EXERCISE: From the top of the entries below through the line containing "14пр. (8-24мм) (ATAO088)", return every line exactly as written, please, and stop there.

........

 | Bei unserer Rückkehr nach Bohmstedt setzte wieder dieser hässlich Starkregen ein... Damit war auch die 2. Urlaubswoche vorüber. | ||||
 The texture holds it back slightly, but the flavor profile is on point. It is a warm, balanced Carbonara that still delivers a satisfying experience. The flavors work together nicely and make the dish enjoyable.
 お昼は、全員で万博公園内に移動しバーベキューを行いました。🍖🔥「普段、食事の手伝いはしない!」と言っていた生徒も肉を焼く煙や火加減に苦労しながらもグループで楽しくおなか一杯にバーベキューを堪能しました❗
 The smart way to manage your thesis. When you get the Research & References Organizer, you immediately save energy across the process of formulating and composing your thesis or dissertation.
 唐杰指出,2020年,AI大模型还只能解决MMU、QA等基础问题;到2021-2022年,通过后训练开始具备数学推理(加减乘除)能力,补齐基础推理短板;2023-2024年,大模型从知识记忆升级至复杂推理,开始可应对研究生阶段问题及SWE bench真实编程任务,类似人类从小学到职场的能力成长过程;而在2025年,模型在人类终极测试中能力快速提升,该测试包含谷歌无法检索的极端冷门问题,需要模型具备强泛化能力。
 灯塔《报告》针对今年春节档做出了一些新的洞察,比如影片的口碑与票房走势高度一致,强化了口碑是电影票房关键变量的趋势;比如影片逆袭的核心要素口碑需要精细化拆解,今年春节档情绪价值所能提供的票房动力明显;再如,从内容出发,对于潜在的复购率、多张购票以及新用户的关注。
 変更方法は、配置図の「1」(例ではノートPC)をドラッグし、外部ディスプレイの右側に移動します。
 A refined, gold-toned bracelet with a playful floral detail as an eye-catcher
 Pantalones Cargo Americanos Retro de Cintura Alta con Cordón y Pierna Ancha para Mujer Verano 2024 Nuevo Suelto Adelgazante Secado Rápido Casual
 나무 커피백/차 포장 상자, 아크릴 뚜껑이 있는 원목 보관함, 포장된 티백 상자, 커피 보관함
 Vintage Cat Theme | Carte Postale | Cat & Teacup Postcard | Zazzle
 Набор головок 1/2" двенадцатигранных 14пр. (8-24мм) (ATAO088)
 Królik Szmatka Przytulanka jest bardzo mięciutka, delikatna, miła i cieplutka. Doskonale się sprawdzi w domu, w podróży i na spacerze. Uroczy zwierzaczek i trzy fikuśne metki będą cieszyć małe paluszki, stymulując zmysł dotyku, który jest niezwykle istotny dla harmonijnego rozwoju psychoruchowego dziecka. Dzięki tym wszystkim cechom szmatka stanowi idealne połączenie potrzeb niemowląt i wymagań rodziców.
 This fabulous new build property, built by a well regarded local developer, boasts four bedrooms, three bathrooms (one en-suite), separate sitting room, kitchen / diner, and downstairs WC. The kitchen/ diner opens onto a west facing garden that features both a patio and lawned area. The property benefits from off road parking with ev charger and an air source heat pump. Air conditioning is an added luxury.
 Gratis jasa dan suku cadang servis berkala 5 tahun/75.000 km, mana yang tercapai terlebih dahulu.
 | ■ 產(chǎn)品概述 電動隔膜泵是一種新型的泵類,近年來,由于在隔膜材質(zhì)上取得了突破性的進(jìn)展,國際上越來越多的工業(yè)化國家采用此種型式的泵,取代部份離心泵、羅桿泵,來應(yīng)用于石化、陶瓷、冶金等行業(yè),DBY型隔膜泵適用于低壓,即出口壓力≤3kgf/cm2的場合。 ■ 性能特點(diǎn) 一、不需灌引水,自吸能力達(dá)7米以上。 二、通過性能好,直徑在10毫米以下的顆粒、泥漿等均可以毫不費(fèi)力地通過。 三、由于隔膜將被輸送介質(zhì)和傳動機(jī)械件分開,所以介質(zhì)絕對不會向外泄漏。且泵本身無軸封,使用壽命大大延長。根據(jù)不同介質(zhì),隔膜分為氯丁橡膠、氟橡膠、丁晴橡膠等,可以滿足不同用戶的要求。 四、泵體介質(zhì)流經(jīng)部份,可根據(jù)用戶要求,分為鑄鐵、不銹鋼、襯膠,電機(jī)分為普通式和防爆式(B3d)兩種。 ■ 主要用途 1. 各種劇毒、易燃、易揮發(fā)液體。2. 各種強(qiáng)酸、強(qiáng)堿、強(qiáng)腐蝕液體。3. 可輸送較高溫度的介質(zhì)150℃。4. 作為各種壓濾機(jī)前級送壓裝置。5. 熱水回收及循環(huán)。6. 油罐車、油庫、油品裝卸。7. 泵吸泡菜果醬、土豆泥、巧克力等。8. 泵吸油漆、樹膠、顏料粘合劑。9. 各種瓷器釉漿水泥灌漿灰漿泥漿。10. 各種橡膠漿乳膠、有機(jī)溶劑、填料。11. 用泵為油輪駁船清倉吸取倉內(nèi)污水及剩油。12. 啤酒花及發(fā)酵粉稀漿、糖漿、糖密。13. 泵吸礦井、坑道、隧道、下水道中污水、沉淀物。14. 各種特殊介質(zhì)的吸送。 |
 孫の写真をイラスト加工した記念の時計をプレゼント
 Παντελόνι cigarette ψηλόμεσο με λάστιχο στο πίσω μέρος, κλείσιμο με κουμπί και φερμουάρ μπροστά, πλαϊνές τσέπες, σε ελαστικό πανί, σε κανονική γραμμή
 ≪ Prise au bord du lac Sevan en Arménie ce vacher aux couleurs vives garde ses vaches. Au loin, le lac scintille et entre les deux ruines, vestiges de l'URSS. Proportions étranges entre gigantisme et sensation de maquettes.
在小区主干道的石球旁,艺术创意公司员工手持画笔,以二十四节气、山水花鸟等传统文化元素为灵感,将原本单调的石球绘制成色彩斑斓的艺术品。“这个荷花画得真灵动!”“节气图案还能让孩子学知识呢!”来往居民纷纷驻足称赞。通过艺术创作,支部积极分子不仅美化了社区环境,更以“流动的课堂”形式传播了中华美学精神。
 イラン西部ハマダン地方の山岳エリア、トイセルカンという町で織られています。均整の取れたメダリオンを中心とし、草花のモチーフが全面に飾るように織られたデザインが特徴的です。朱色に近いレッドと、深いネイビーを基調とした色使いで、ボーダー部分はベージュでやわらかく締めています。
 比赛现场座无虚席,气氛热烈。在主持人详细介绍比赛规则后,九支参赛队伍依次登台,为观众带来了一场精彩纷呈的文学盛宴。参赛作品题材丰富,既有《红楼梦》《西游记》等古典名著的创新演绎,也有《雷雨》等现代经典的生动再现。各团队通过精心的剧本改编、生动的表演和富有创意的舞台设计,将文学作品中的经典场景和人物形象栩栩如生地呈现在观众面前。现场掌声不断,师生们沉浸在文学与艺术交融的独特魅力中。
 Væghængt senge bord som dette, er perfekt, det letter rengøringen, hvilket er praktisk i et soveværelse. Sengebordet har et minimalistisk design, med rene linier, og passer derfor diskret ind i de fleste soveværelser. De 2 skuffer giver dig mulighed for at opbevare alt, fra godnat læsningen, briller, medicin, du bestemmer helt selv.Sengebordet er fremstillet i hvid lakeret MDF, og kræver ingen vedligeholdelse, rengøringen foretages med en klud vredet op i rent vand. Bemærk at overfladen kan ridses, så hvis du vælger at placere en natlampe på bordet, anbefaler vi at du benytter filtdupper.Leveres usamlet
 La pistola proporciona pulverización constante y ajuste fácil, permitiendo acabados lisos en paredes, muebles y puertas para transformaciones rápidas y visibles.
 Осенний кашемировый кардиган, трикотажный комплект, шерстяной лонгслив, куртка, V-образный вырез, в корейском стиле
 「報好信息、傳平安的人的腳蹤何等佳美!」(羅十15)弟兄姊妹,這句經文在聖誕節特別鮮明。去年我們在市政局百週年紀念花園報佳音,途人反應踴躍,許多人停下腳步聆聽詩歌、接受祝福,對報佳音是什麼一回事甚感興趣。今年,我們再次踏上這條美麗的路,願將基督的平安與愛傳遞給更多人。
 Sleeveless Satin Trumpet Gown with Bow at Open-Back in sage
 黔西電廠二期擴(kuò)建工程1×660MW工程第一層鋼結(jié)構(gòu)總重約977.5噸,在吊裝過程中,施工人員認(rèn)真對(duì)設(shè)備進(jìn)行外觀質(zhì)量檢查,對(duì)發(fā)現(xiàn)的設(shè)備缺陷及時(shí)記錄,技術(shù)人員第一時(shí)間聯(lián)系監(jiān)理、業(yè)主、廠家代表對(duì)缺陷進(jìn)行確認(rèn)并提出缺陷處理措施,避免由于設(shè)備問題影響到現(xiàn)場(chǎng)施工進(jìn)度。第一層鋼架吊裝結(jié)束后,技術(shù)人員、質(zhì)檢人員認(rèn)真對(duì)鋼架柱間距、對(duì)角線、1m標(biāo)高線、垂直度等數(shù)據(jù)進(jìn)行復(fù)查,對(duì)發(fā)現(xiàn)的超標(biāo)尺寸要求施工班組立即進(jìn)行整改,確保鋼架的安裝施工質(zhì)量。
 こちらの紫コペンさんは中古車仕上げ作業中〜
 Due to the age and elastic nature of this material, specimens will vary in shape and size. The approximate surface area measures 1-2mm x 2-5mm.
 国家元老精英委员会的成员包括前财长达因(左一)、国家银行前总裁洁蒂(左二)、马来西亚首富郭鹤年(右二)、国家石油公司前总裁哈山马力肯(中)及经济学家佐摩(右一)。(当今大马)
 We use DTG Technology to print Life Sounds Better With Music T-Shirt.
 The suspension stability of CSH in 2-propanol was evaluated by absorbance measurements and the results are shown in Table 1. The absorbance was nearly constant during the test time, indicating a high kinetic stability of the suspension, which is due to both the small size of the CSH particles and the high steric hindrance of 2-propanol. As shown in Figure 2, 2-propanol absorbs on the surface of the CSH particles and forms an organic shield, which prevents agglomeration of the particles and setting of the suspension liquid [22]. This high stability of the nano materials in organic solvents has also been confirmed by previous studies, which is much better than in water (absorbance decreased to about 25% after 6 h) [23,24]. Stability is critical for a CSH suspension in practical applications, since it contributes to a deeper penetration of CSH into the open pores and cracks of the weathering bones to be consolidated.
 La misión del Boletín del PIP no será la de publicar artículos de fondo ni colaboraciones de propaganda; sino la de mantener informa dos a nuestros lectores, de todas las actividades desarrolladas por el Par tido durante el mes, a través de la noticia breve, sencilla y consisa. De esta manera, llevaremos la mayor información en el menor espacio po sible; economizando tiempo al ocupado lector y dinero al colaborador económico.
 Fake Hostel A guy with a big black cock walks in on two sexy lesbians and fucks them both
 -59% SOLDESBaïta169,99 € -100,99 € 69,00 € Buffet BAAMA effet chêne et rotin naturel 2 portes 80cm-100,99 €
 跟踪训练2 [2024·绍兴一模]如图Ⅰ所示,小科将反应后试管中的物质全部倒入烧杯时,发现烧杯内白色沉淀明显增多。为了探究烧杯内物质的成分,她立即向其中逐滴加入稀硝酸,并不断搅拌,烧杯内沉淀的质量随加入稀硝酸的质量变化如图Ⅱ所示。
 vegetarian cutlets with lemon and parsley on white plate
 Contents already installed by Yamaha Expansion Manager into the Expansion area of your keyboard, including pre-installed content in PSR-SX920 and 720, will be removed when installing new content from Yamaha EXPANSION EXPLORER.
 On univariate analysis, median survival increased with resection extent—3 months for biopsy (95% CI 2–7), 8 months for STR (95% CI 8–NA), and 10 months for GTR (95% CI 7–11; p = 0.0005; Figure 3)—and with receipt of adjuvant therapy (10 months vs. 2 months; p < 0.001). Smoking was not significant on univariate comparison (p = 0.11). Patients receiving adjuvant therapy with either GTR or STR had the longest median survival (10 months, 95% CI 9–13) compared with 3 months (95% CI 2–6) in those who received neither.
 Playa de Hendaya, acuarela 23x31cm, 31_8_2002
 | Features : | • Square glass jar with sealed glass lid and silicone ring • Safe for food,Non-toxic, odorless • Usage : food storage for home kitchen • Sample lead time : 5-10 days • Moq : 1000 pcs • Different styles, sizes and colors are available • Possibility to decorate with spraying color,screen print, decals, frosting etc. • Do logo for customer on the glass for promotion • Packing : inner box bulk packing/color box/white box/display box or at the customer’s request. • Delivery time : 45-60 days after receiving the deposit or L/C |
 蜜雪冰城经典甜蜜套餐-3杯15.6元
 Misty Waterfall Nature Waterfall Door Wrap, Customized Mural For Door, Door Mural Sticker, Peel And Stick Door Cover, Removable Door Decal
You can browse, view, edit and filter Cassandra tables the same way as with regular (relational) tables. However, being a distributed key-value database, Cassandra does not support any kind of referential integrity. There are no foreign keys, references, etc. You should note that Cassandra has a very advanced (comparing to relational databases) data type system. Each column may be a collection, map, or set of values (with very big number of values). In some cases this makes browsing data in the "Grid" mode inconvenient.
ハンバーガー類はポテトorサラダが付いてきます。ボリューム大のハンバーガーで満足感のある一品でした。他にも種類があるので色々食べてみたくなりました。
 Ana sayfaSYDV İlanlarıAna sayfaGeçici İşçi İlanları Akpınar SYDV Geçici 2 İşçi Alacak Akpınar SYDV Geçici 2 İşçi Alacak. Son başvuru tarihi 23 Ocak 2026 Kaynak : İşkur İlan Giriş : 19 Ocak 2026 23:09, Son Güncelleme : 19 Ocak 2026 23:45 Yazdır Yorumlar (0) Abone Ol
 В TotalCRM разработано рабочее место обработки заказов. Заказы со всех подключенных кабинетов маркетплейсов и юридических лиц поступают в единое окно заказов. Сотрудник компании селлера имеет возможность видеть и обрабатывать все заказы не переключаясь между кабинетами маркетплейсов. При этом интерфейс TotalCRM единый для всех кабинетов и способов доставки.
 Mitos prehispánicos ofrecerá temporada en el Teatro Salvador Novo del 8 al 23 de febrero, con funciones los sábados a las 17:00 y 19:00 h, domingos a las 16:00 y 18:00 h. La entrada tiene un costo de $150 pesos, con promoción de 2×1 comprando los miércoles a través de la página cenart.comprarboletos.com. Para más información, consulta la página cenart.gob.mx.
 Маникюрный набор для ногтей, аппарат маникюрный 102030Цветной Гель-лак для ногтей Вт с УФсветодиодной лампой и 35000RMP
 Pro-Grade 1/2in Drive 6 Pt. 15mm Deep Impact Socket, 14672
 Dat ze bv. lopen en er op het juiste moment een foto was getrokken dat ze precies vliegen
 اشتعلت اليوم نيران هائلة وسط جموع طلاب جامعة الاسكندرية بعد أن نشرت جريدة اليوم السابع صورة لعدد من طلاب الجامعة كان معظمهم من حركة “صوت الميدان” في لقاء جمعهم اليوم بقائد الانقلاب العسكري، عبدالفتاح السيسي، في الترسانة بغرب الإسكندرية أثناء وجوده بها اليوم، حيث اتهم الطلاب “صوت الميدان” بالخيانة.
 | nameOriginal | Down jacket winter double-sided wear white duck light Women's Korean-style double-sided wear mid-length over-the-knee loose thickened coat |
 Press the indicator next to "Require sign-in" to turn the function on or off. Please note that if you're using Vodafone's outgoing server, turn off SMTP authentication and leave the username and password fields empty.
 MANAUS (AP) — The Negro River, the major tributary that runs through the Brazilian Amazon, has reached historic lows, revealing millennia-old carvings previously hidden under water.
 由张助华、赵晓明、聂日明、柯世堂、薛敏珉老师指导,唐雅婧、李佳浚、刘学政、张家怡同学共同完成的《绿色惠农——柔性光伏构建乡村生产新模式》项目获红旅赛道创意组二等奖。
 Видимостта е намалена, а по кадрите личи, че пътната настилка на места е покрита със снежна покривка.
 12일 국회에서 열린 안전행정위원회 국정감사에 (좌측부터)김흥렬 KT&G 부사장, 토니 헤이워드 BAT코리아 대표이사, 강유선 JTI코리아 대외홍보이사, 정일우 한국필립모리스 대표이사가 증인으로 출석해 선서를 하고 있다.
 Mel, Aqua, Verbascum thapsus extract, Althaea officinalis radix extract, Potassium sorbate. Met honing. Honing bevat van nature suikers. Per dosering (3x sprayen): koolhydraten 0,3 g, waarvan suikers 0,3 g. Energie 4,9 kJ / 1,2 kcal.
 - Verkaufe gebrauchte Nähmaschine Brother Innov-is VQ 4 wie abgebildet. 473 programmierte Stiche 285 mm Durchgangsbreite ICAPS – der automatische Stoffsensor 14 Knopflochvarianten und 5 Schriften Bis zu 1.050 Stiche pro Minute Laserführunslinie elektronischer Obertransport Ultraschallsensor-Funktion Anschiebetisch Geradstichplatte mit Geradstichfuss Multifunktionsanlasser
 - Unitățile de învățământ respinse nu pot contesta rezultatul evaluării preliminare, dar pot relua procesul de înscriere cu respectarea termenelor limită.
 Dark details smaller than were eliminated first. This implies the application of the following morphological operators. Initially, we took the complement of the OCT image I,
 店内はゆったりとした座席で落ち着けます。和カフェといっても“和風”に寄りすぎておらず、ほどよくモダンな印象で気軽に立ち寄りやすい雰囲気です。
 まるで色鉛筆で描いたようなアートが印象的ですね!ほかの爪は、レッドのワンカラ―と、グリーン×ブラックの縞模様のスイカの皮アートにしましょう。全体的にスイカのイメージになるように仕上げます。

........

REPLY:
 | Bei unserer Rückkehr nach Bohmstedt setzte wieder dieser hässlich Starkregen ein... Damit war auch die 2. Urlaubswoche vorüber. | ||||
 The texture holds it back slightly, but the flavor profile is on point. It is a warm, balanced Carbonara that still delivers a satisfying experience. The flavors work together nicely and make the dish enjoyable.
 お昼は、全員で万博公園内に移動しバーベキューを行いました。🍖🔥「普段、食事の手伝いはしない!」と言っていた生徒も肉を焼く煙や火加減に苦労しながらもグループで楽しくおなか一杯にバーベキューを堪能しました❗
 The smart way to manage your thesis. When you get the Research & References Organizer, you immediately save energy across the process of formulating and composing your thesis or dissertation.
 唐杰指出,2020年,AI大模型还只能解决MMU、QA等基础问题;到2021-2022年,通过后训练开始具备数学推理(加减乘除)能力,补齐基础推理短板;2023-2024年,大模型从知识记忆升级至复杂推理,开始可应对研究生阶段问题及SWE bench真实编程任务,类似人类从小学到职场的能力成长过程;而在2025年,模型在人类终极测试中能力快速提升,该测试包含谷歌无法检索的极端冷门问题,需要模型具备强泛化能力。
 灯塔《报告》针对今年春节档做出了一些新的洞察,比如影片的口碑与票房走势高度一致,强化了口碑是电影票房关键变量的趋势;比如影片逆袭的核心要素口碑需要精细化拆解,今年春节档情绪价值所能提供的票房动力明显;再如,从内容出发,对于潜在的复购率、多张购票以及新用户的关注。
 変更方法は、配置図の「1」(例ではノートPC)をドラッグし、外部ディスプレイの右側に移動します。
 A refined, gold-toned bracelet with a playful floral detail as an eye-catcher
 Pantalones Cargo Americanos Retro de Cintura Alta con Cordón y Pierna Ancha para Mujer Verano 2024 Nuevo Suelto Adelgazante Secado Rápido Casual
 나무 커피백/차 포장 상자, 아크릴 뚜껑이 있는 원목 보관함, 포장된 티백 상자, 커피 보관함
 Vintage Cat Theme | Carte Postale | Cat & Teacup Postcard | Zazzle
 Набор головок 1/2" двенадцатигранных 14пр. (8-24мм) (ATAO088)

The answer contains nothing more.